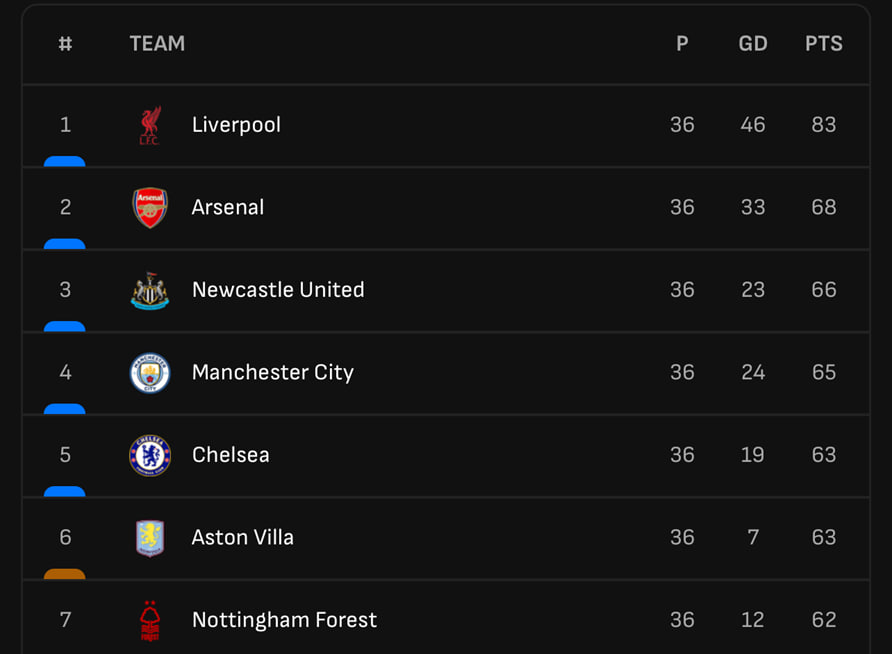 وضعیت جدول در پایان هفتۀ سی‌وششم لیگ برتر در فصل ۲۵–۲۰۲۴ بدون وقایع غیرمترقبە، ظاهراً فقط امکان جابه‌جایی تیم‌های چهارم و پنجم وجود دارد:
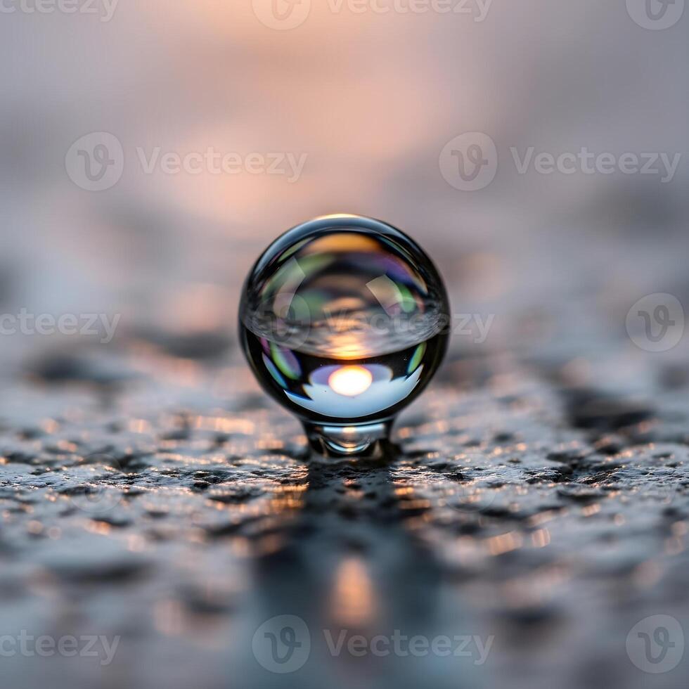 A mesmerizing macro exploration of a minuscule metallic droplet shrinking gracefully on a textured surface, reflecting surreal ambient light patterns Pro Photo
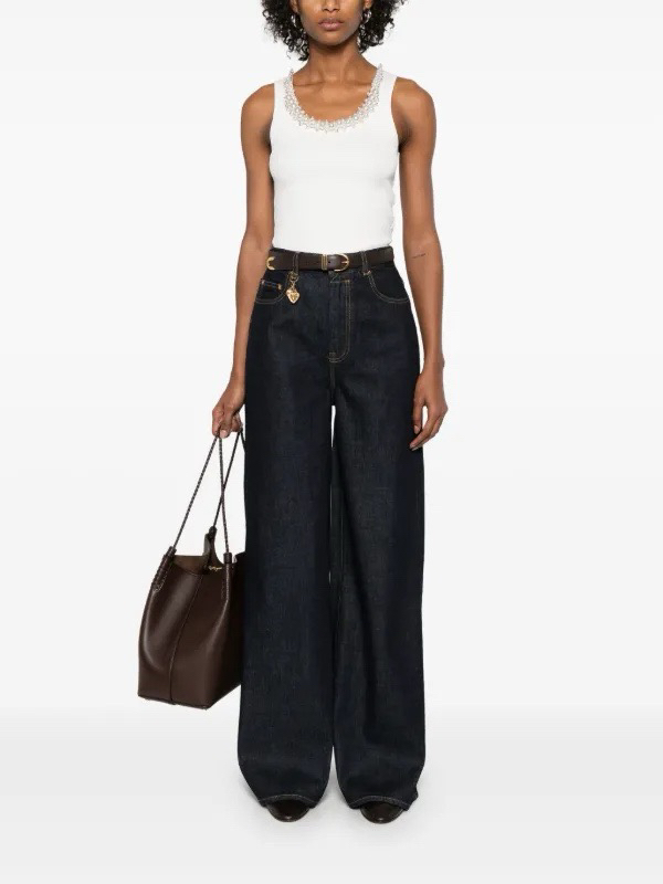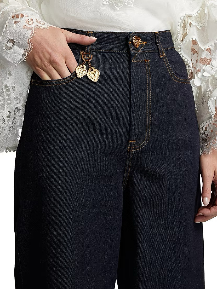 816-4 独家圆正 zimm阔腿牛仔裤 爱心扣吊坠 夸张显腰细显腿长 高个入呀
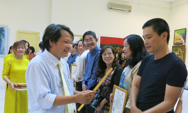 Tạp chí Sông Hương trao giấy chứng nhận cho các họa sĩ tham gia triển lãm
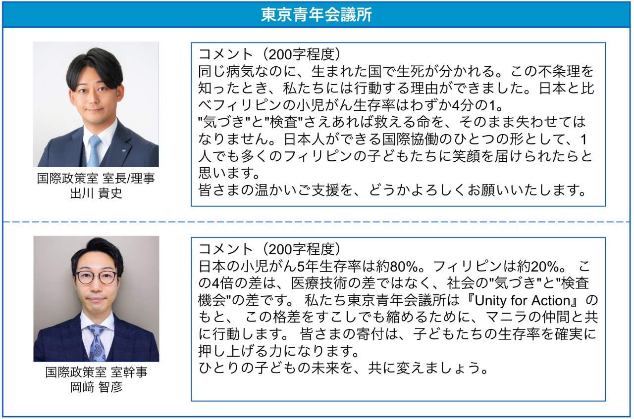 このプロジェクトでは、「ただ寄付をする」という一方的な行為ではなく、子どもや大人たちに早期発見という啓発機会を提供し、持続可能な支援を行うことを目的としています。また東京青年会議所メンバーが2026年1月末に現地を訪問、視察し、それからも、現地の支援者たちと対話を重ね、本当に必要な支援は何かを考えながらこのプロジェクトを進めています。2026年8月には支援を通じて行う啓発運動も予定しており、資金が有益に使用されるようしっかりとしたフォローも行います。
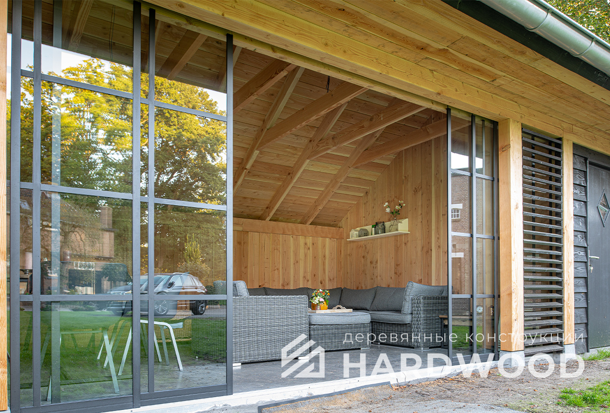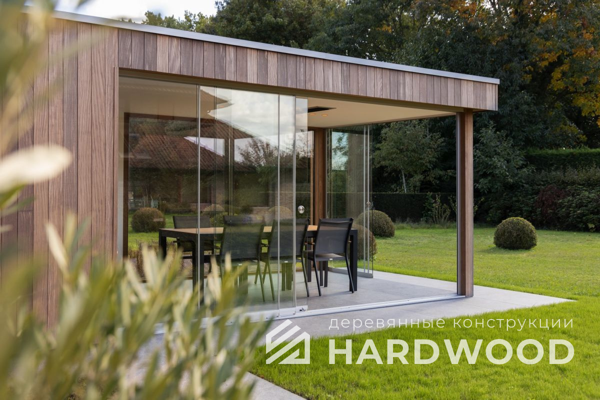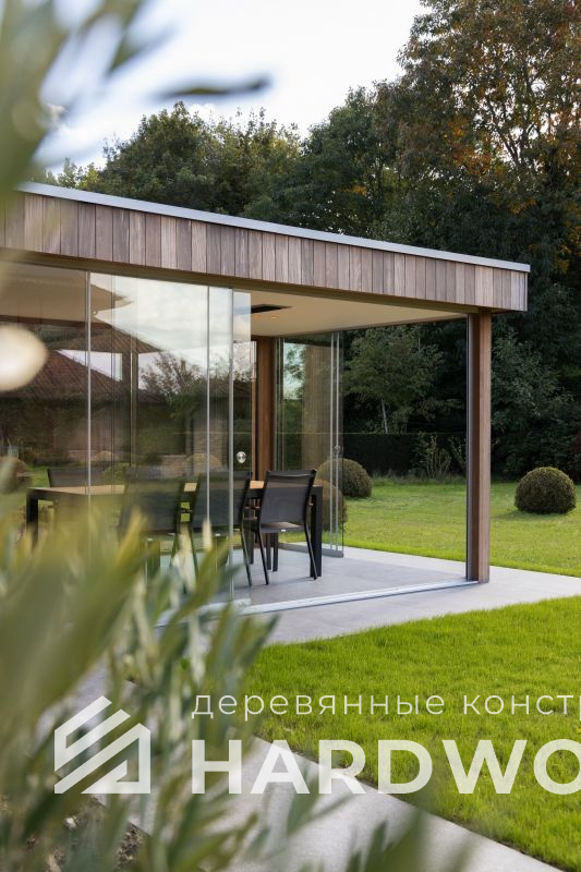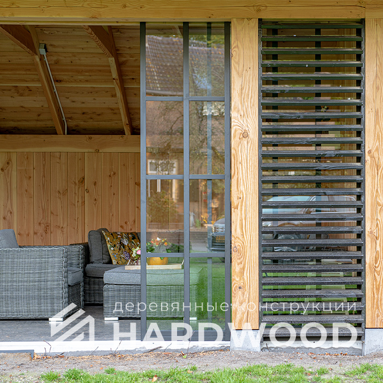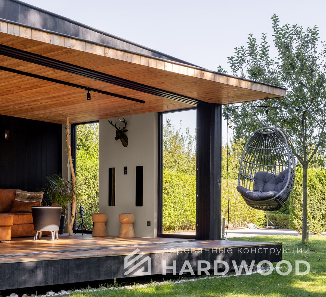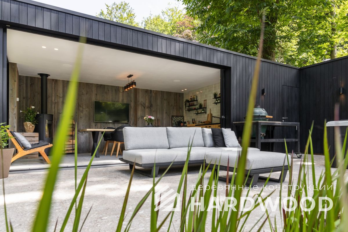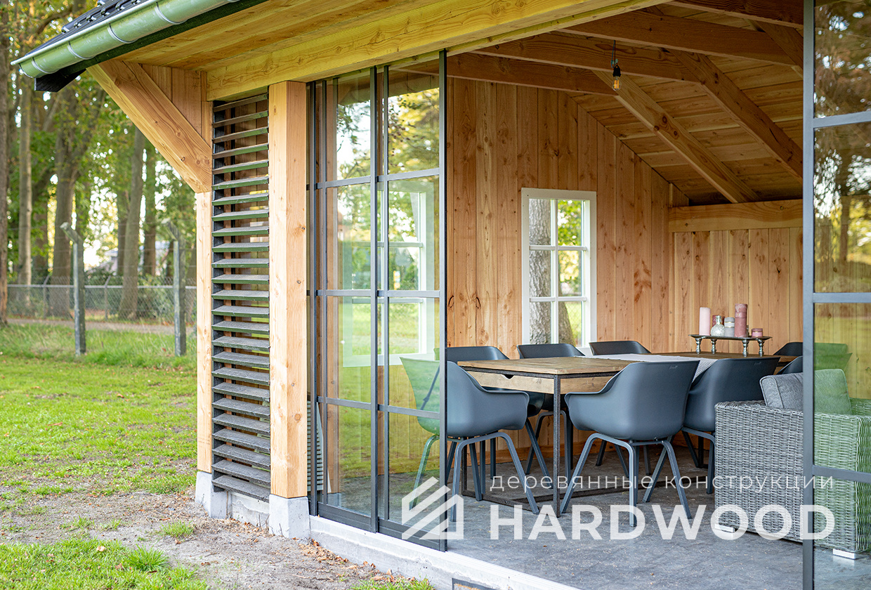 Лофт вырос из индустриальной эстетики: прямые линии, понятный каркас, фактура материалов на первом плане. В беседке это выражается в открытых балках, строгой геометрии, крупном остеклении и функциональности каждой детали. Никакой визуальной «тяжести» — только то, что работает на комфорт и стиль.

TASK TO COMPLETE:
Would you give the material back exactly, minus the pictures?

WRITTEN ANSWER:
 وضعیت جدول در پایان هفتۀ سی‌وششم لیگ برتر در فصل ۲۵–۲۰۲۴ بدون وقایع غیرمترقبە، ظاهراً فقط امکان جابه‌جایی تیم‌های چهارم و پنجم وجود دارد:
 A mesmerizing macro exploration of a minuscule metallic droplet shrinking gracefully on a textured surface, reflecting surreal ambient light patterns Pro Photo
 816-4 独家圆正 zimm阔腿牛仔裤 爱心扣吊坠 夸张显腰细显腿长 高个入呀
 Tạp chí Sông Hương trao giấy chứng nhận cho các họa sĩ tham gia triển lãm
 このプロジェクトでは、「ただ寄付をする」という一方的な行為ではなく、子どもや大人たちに早期発見という啓発機会を提供し、持続可能な支援を行うことを目的としています。また東京青年会議所メンバーが2026年1月末に現地を訪問、視察し、それからも、現地の支援者たちと対話を重ね、本当に必要な支援は何かを考えながらこのプロジェクトを進めています。2026年8月には支援を通じて行う啓発運動も予定しており、資金が有益に使用されるようしっかりとしたフォローも行います。
 Лофт вырос из индустриальной эстетики: прямые линии, понятный каркас, фактура материалов на первом плане. В беседке это выражается в открытых балках, строгой геометрии, крупном остеклении и функциональности каждой детали. Никакой визуальной «тяжести» — только то, что работает на комфорт и стиль.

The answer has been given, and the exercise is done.